→ **Instructions to follow**
Print the lines in the listing below that fall between the line with "Your bank is" and the line with "- Credits can", those two lines included, exactly as they stand and with nothing else.

Start of Material shown

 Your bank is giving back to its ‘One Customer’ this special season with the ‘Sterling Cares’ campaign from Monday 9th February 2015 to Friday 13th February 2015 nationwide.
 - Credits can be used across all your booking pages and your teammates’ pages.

End of Material shown
Start of Material shown

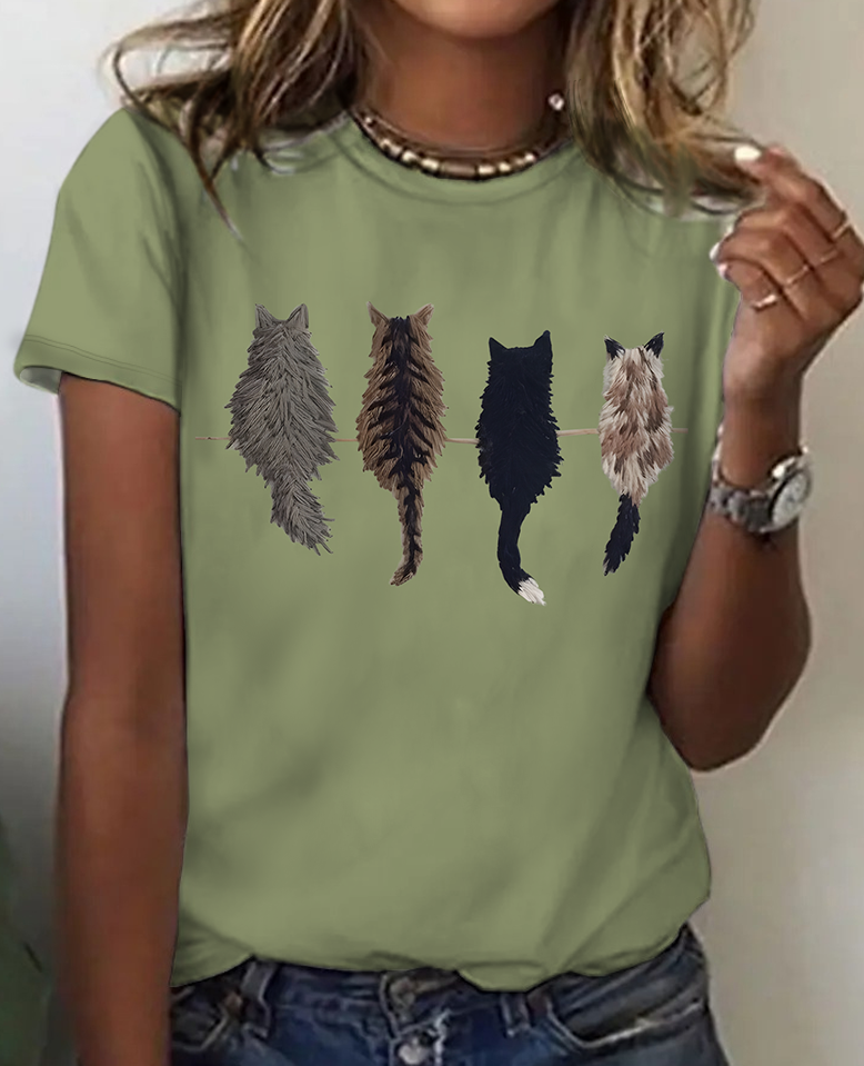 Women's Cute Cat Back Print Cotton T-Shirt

End of Material shown

→ **Exercise answer**
 Your bank is giving back to its ‘One Customer’ this special season with the ‘Sterling Cares’ campaign from Monday 9th February 2015 to Friday 13th February 2015 nationwide.
 - Credits can be used across all your booking pages and your teammates’ pages.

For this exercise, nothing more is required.